An exact copy of the lines of the listing below between the "Klasyczny pionowy stojak" line and the "Durante la mañana" line, both included, is the whole answer; please omit the pictures.

####################

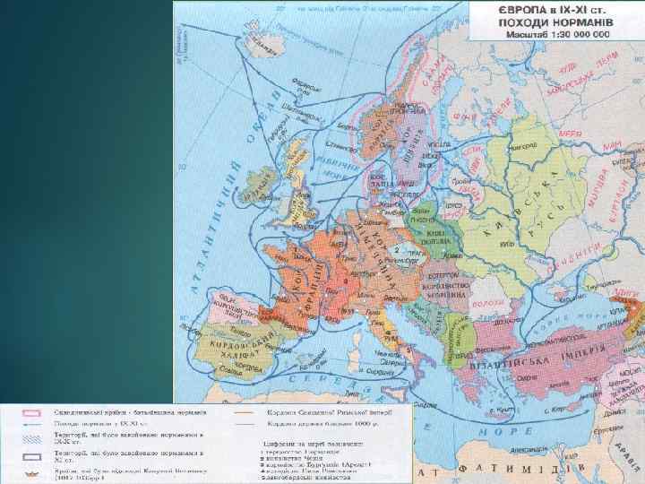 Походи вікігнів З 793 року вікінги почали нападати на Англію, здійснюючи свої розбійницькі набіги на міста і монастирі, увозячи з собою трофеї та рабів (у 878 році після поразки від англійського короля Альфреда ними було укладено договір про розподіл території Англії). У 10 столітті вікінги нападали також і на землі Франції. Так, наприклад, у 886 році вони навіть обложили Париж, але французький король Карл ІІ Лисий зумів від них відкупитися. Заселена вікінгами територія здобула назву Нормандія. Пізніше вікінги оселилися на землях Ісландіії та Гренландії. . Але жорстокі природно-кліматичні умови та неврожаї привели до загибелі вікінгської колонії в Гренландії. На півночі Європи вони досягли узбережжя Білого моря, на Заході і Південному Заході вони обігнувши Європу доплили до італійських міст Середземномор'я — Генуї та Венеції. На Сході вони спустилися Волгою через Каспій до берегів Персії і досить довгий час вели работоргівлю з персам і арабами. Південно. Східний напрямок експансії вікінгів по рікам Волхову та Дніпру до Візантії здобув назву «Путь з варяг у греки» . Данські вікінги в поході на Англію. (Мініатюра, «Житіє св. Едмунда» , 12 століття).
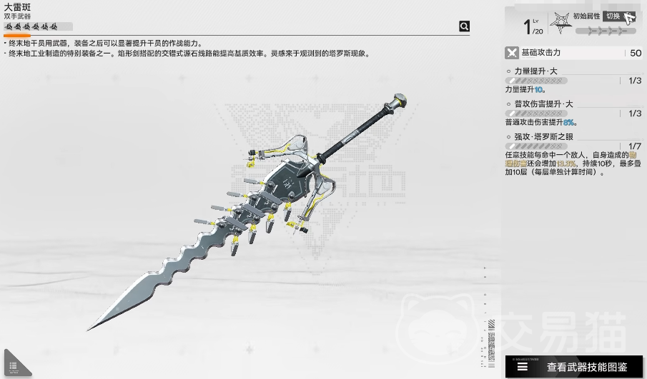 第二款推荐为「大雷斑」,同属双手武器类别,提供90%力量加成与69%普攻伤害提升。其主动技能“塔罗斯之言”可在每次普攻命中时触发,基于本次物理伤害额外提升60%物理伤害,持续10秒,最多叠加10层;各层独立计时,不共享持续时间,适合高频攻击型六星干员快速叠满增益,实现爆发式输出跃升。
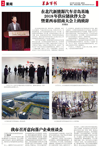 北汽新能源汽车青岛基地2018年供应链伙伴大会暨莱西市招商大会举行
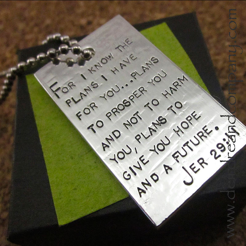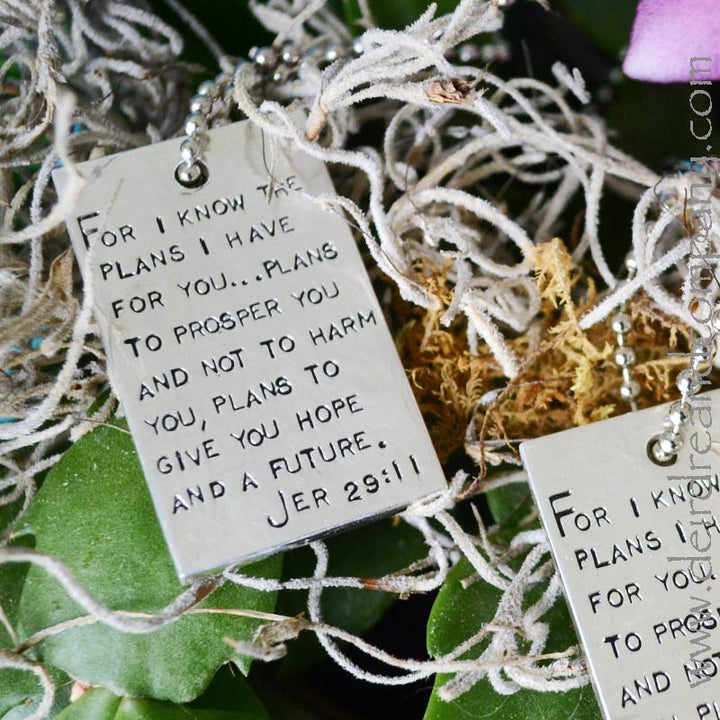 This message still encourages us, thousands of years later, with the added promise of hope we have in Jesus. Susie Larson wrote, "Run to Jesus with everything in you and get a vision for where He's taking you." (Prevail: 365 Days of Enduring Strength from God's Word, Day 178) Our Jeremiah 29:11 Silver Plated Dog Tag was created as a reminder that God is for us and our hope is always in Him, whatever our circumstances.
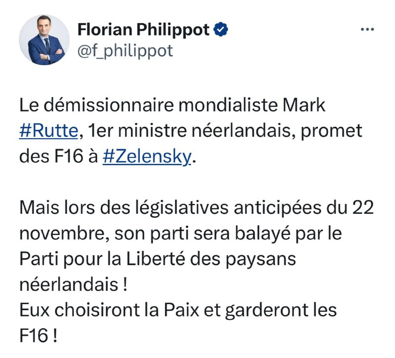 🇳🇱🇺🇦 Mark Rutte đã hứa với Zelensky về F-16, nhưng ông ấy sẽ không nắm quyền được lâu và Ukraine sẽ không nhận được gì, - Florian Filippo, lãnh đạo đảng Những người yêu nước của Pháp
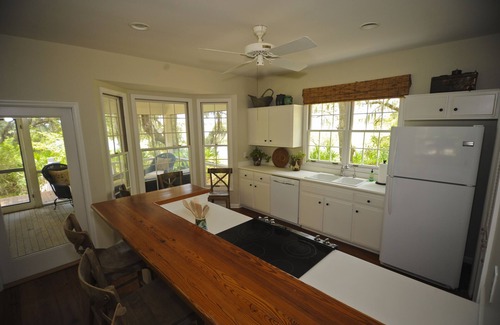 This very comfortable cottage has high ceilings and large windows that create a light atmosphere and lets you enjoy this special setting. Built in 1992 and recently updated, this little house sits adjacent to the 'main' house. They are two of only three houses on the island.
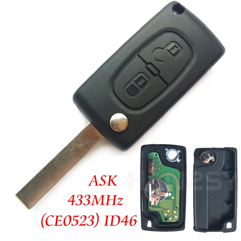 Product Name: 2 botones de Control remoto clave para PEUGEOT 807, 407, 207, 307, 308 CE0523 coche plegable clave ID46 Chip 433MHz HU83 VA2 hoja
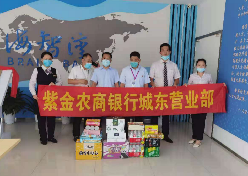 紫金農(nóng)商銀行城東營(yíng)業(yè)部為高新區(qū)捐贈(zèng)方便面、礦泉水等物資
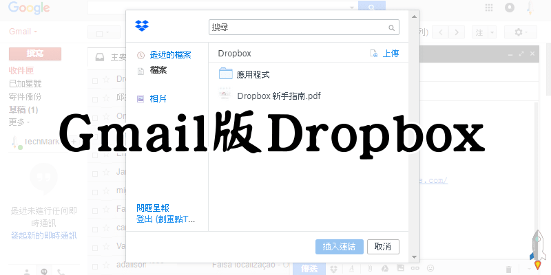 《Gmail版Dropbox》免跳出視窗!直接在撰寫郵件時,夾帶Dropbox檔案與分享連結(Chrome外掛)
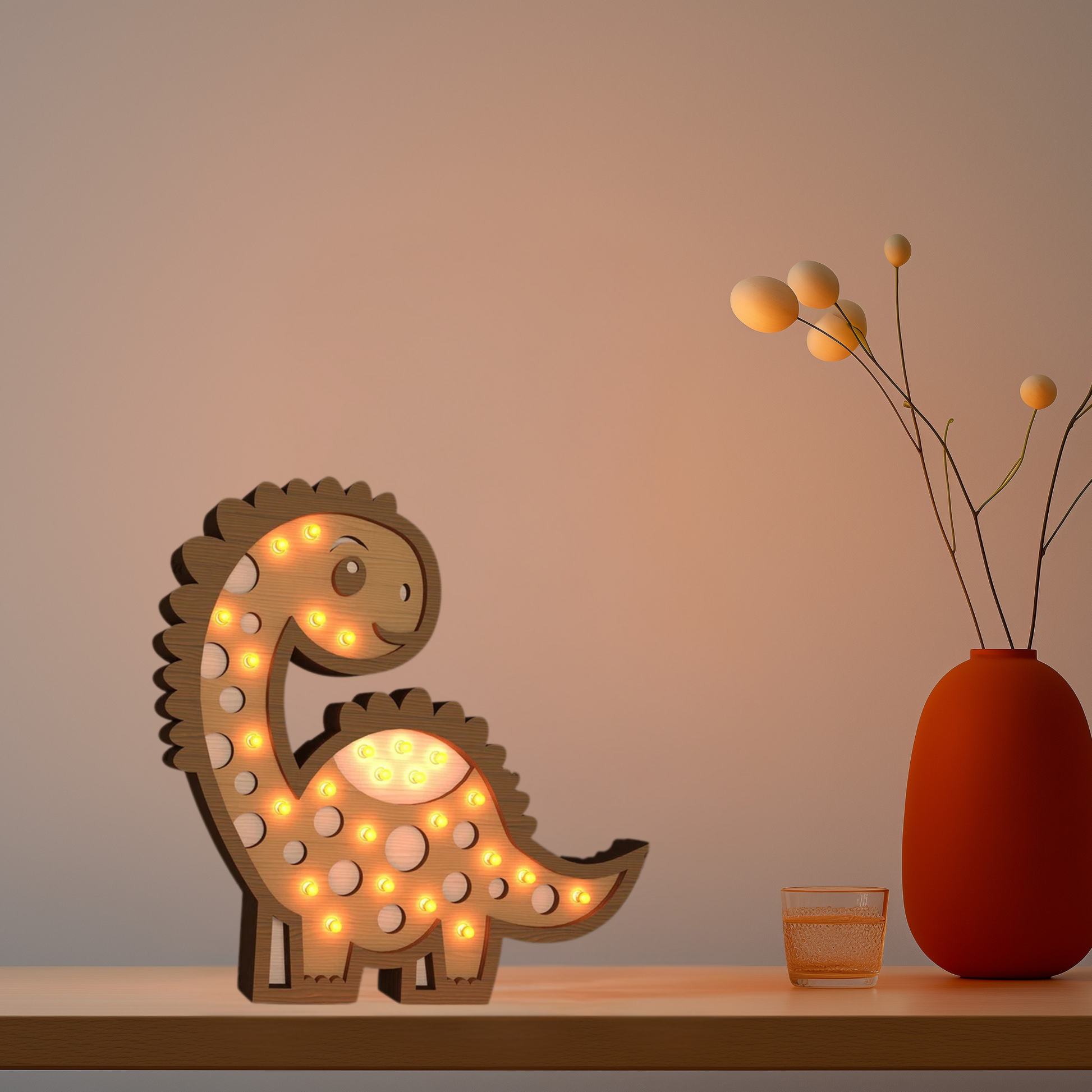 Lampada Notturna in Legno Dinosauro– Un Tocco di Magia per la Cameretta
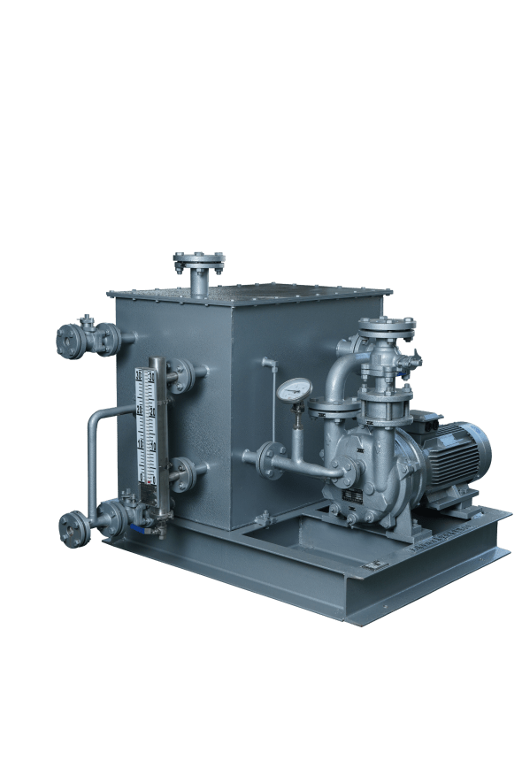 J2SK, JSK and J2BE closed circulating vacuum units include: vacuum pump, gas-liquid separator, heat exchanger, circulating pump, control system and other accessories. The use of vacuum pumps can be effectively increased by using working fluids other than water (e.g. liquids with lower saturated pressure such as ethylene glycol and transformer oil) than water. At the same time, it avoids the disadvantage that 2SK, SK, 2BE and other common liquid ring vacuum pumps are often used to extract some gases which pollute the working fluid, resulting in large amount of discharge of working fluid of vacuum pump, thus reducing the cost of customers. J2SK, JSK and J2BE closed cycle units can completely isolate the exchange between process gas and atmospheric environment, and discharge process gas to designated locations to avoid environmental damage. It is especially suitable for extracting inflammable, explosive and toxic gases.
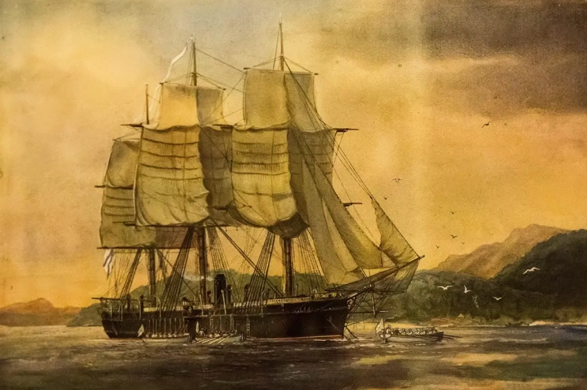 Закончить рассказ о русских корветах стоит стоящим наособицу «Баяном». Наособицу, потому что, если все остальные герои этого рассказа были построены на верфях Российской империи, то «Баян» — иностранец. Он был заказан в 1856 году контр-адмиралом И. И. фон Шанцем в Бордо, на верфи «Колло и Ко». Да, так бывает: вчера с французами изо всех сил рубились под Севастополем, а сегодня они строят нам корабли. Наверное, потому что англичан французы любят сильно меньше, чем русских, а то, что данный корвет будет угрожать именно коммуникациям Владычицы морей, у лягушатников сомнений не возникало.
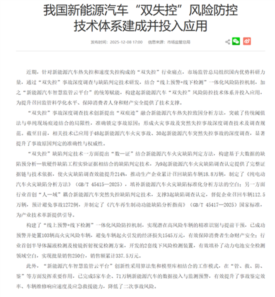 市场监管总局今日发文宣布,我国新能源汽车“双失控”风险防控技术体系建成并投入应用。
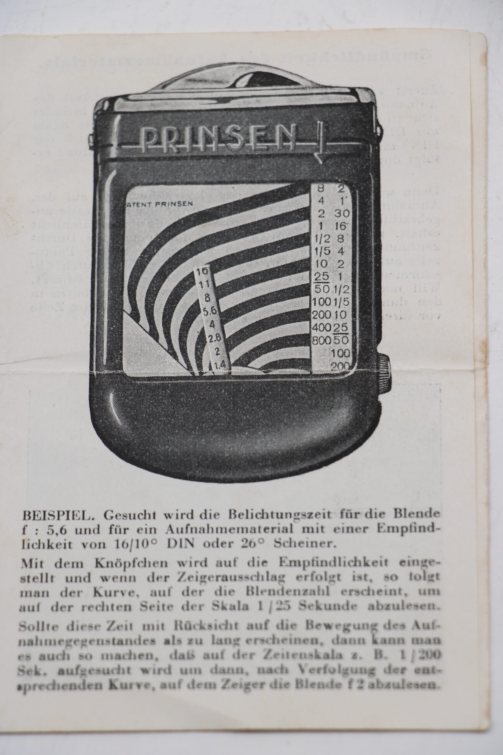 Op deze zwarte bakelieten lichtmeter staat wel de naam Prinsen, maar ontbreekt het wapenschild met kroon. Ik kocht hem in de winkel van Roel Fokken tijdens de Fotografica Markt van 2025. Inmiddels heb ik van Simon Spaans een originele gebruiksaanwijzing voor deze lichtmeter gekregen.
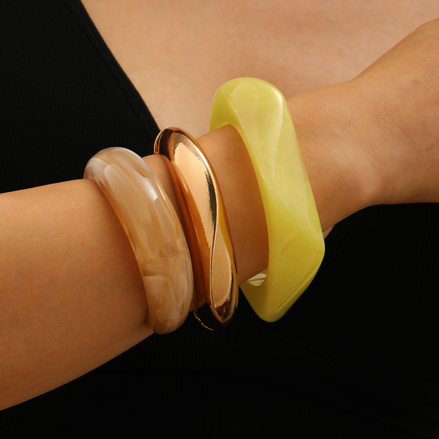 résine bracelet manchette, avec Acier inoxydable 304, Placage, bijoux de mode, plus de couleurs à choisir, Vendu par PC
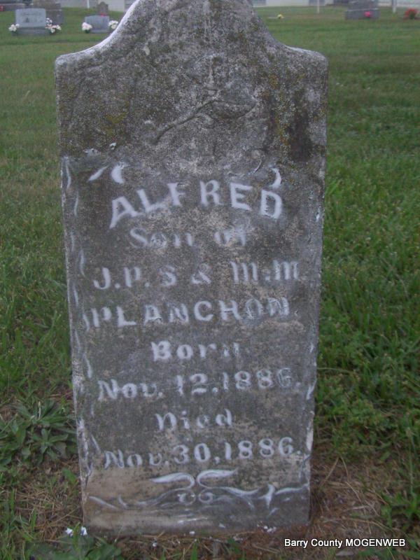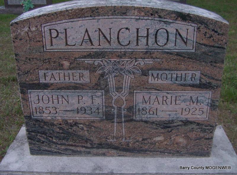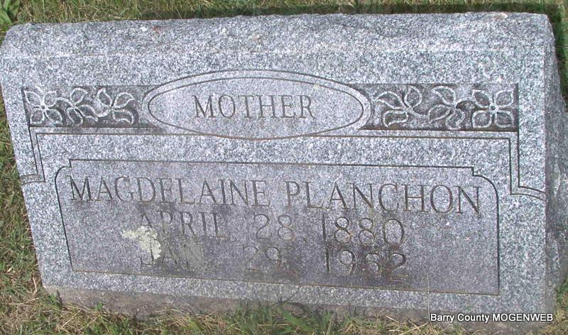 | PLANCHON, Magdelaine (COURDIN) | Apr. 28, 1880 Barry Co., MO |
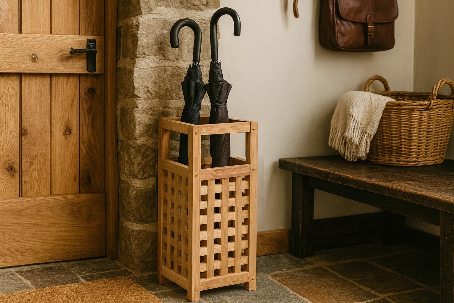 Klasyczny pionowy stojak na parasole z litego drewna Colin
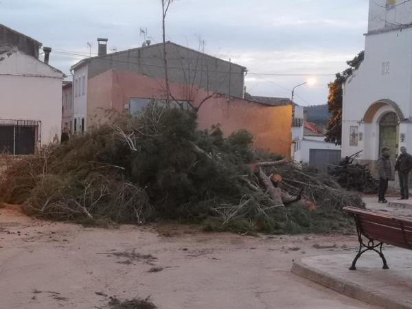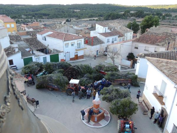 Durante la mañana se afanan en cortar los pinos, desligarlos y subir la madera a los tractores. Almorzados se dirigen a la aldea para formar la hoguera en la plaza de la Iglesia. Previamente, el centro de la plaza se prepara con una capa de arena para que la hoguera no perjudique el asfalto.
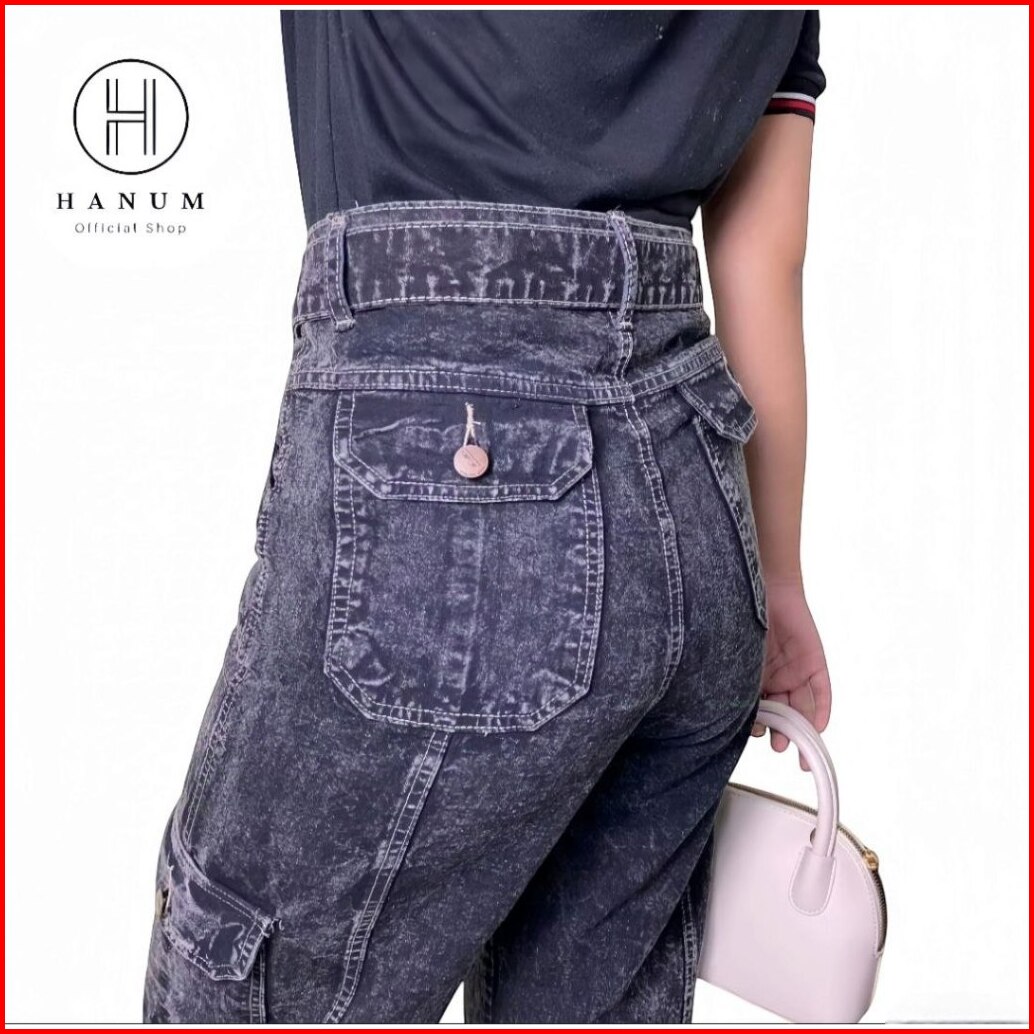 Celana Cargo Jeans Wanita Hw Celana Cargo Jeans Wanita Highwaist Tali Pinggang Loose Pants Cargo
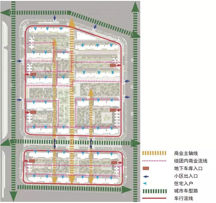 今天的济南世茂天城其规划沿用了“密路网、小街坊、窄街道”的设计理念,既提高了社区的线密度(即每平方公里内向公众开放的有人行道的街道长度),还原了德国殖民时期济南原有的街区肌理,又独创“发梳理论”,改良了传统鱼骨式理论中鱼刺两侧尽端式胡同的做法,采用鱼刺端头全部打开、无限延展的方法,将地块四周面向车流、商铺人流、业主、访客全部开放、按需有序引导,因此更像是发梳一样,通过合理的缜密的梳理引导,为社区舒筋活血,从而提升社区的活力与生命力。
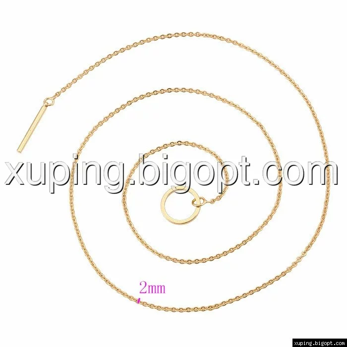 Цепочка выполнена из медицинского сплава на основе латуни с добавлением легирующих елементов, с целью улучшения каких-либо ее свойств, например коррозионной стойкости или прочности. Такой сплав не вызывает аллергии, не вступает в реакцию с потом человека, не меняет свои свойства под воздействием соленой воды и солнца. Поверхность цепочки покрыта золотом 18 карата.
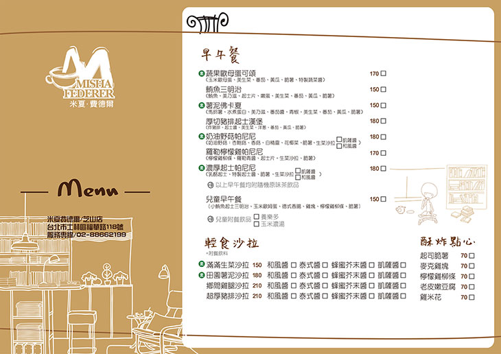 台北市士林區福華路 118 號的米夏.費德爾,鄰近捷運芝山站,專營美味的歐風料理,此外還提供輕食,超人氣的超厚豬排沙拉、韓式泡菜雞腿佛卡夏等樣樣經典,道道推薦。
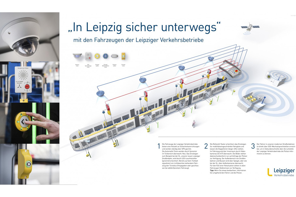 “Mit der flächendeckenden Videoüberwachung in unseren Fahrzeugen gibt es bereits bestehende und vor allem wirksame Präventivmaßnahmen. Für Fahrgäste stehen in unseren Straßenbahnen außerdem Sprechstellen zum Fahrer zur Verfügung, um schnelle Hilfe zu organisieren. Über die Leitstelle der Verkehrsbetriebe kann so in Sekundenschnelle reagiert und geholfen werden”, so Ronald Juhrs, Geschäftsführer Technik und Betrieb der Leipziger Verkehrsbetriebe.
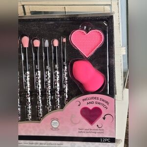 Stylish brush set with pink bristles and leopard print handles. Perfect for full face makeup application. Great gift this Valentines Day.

####################

## Written reply
 Klasyczny pionowy stojak na parasole z litego drewna Colin
 Durante la mañana se afanan en cortar los pinos, desligarlos y subir la madera a los tractores. Almorzados se dirigen a la aldea para formar la hoguera en la plaza de la Iglesia. Previamente, el centro de la plaza se prepara con una capa de arena para que la hoguera no perjudique el asfalto.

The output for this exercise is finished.